____ The data

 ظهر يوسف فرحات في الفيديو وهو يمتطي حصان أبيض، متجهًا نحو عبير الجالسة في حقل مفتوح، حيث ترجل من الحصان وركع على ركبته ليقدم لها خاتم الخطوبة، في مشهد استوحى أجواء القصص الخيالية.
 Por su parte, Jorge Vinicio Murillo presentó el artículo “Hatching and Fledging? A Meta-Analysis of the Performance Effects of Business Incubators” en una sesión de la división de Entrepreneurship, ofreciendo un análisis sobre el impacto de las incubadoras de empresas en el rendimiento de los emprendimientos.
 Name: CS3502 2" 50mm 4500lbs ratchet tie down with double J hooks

________
____ The data

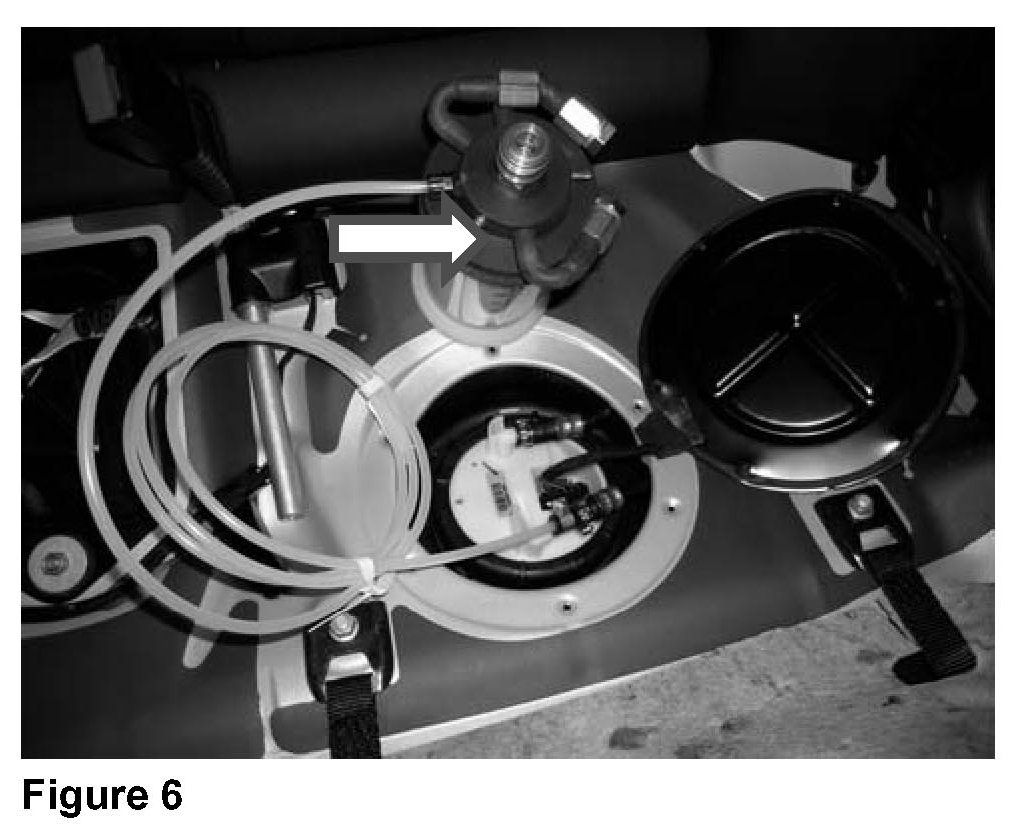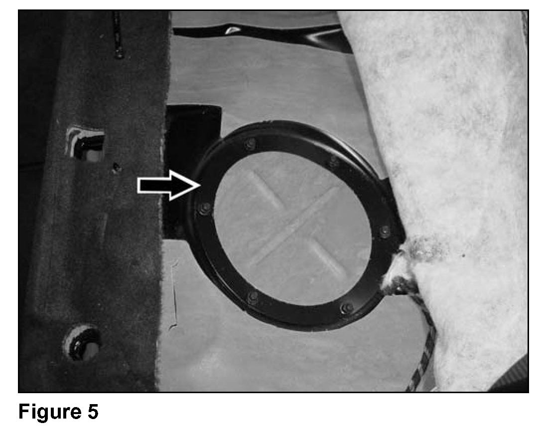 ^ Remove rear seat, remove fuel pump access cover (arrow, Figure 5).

________
____ The data

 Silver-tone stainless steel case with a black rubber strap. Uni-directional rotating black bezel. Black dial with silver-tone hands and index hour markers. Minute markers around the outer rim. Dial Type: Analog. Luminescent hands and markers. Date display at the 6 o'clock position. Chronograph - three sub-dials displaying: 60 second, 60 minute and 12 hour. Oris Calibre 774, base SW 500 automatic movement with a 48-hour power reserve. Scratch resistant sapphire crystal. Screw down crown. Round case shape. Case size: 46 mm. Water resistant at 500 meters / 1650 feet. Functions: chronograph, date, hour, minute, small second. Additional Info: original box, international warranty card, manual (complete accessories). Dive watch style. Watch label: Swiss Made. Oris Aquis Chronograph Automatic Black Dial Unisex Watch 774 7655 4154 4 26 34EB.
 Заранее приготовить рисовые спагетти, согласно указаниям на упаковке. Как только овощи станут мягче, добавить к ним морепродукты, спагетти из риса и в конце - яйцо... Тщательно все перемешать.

________

__Exercise prompt__.
Only lines of the material that contain the word "with" belong in the answer; copy each one.

__Answer area__.
 Name: CS3502 2" 50mm 4500lbs ratchet tie down with double J hooks
 Silver-tone stainless steel case with a black rubber strap. Uni-directional rotating black bezel. Black dial with silver-tone hands and index hour markers. Minute markers around the outer rim. Dial Type: Analog. Luminescent hands and markers. Date display at the 6 o'clock position. Chronograph - three sub-dials displaying: 60 second, 60 minute and 12 hour. Oris Calibre 774, base SW 500 automatic movement with a 48-hour power reserve. Scratch resistant sapphire crystal. Screw down crown. Round case shape. Case size: 46 mm. Water resistant at 500 meters / 1650 feet. Functions: chronograph, date, hour, minute, small second. Additional Info: original box, international warranty card, manual (complete accessories). Dive watch style. Watch label: Swiss Made. Oris Aquis Chronograph Automatic Black Dial Unisex Watch 774 7655 4154 4 26 34EB.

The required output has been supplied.